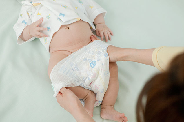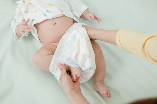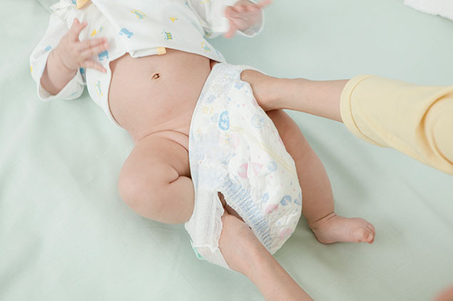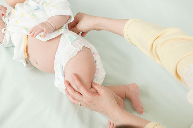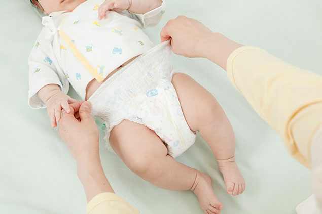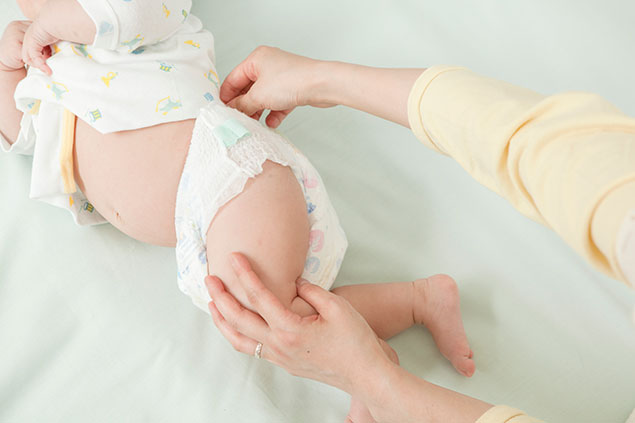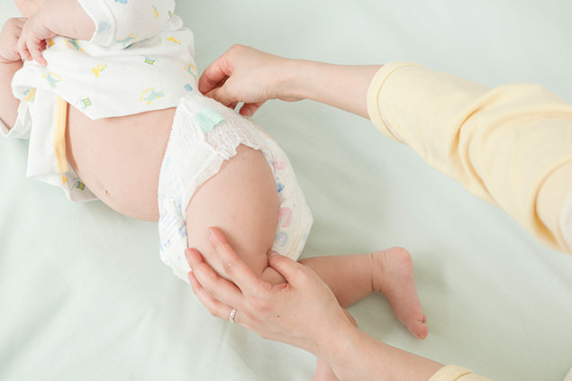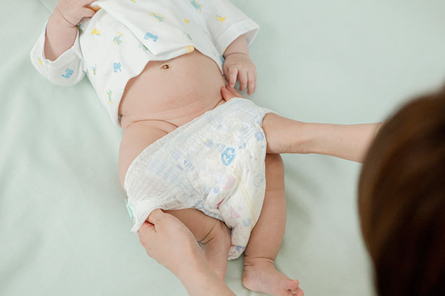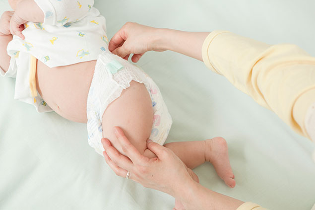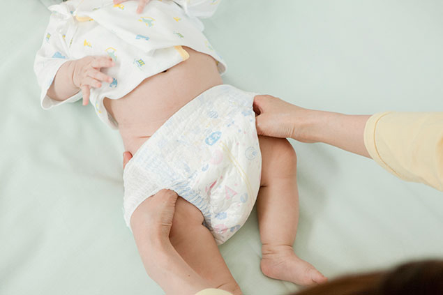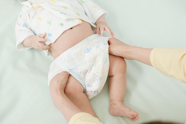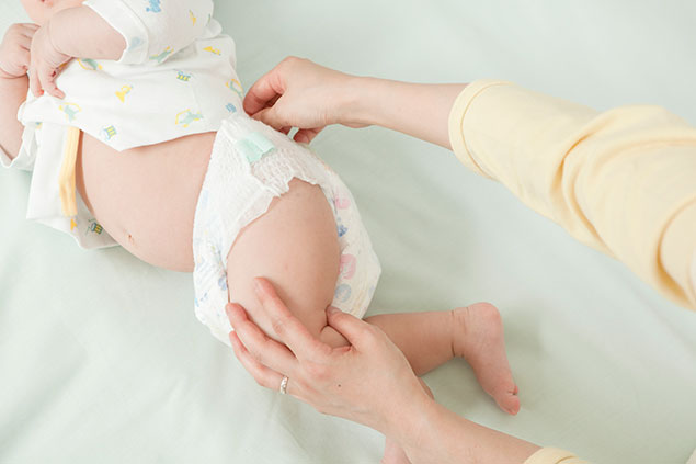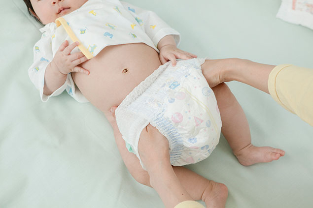 Cố định miếng tã bằng băng dính cuốn ở phía mông bé
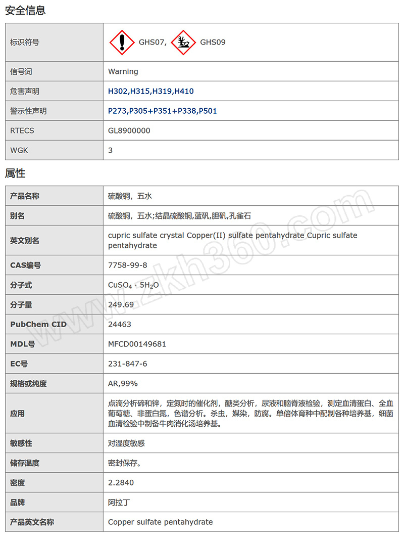 CAS号7758-99-8规格:AR 99%
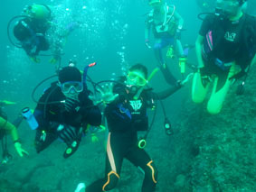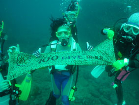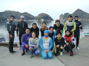 雲見温泉で日中2ボートダイビング、ビーチでナイトダイビングを終えて 宿泊の『はまゆ』で美味しい夕食を楽しみ、翌日田子に移動し、 2ボートダイビングの豪華な美食ツアーでした。 参加者は、武内さん、森廣さん、鈴木さん(AD講習)、吉津さん、上野さん、 秋冨君、土屋さん、山本さん、加藤さん(AD講習)、近藤さん、鍬田さん、エリカさん そしてスタッフの細川、松橋で総勢14名でした。 ![]() 『雲見温泉漁港前の集合写真』 初日一本目、雲見の牛着岩にてダイビング! 天気は良好、水温23度、透明度8〜10mでコンデション良好でした。 牛着岩中央のトンネルをくぐり北側の沖方向へ進んで土屋さんの100本記念の 撮影です。とっても嬉しそうな土屋さんでした! ![]() 『100本記念の土屋さん!』 2本目は、外海が北西の風がやや強く波がありましたので、沖の根でのダイビングを 断念し、再び牛着岩の回りを左回りで半周しました。そこで大事件発生! マジシャン『ヨッシー』のおろし立てのオリンパスのデジカメに、水中でハウジングを 開けることなく水を入れるマジックです。あ〜ら不思議、 見る見るうちに海水が入るではありませんか? マジシャン『ヨッシー』も、自分のマジックの腕に酔いしれていました。 ![]() 『踊るアホーに見るアホー!?』 夕方、6時には港のビーチでナイトダイビングを楽しみました。 気温は20度くらいに下がりましたが、水温は依然と23度と快適です。 浅場では、珍しく太刀魚を発見!感激です!その他、ミナミホタテウミヘビ、 ダイナンウミヘビ、ハナアナゴ、伊勢エビ、コロダイの幼魚、 タテジマキンチャクダイの幼魚、タコやソメンヤドカリなどたくさんの生物を 観察しました。水中ライトを消しての夜光虫も綺麗でした!
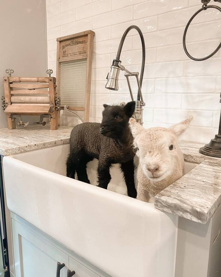 Photo by @poppysfarmstead on Instagram. If you are lucky enough to have baby goats, a good farmhouse sink is also a great idea!
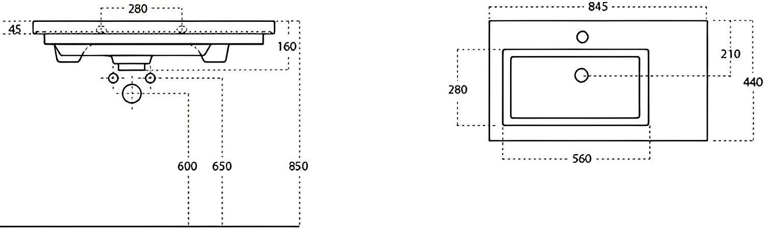 Размер раковины: 84,5x16x44 см
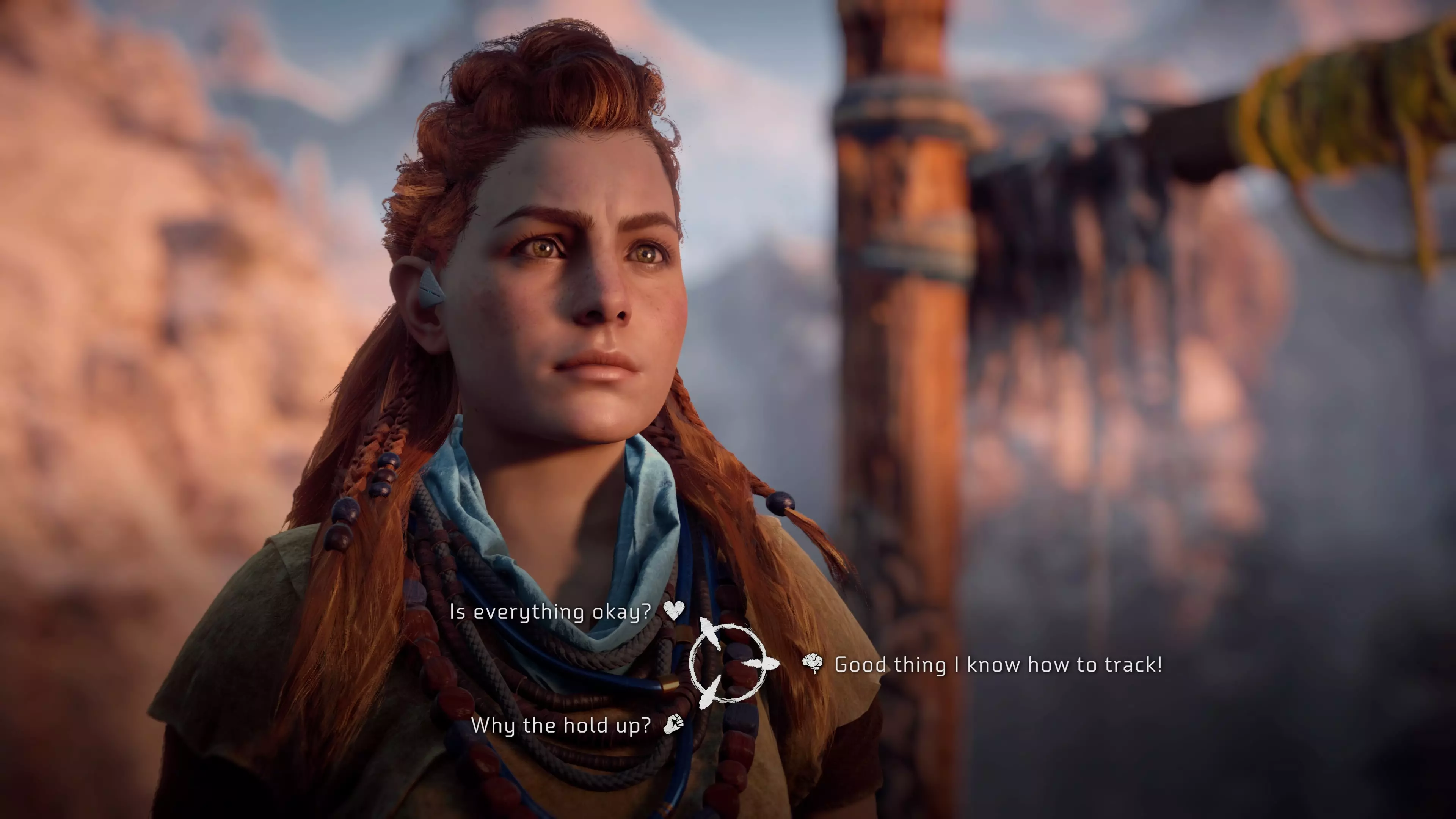 A fő és mellékküldetések szerintem érdekesek, nem olyan jellegűek, hogy egy paraszt az út szélén azt kéri, hogy hozzunk el vagy gyűjtsünk össze neki valamit. Sokkal inkább olyanok, amik által több ismeretet szerezhetünk a világról és annak lakóiról. Gyakran kell bennük például nyomokat követni vagy „detektív” munkát végezni, amiben segítségünkre van Aloy fókusza, egy afféle régi időkből visszamaradt „Google Glass”. Ez, ha aktiváljuk képes megmutatni a robot ellenfelek járőr útvonalait, szép rózsaszínen kivilágítja a földben található nyomokat, illetve mutatja az ellenfelek gyenge pontjait is. A fókusz kicsit olyan kütyü, mintha csak Batman repertoárjából nyúlták volna ki, de mégis minden szempontból jól beleillik Aloy felszerelésébe.

* * * * * * * * *

* Work instructions
Starting at the first line of the material above and ending with the line that contains "CAS号7758-99-8规格:AR 99%", reproduce every line exactly, and leave out the pictures.

* Task result
 Cố định miếng tã bằng băng dính cuốn ở phía mông bé
 CAS号7758-99-8规格:AR 99%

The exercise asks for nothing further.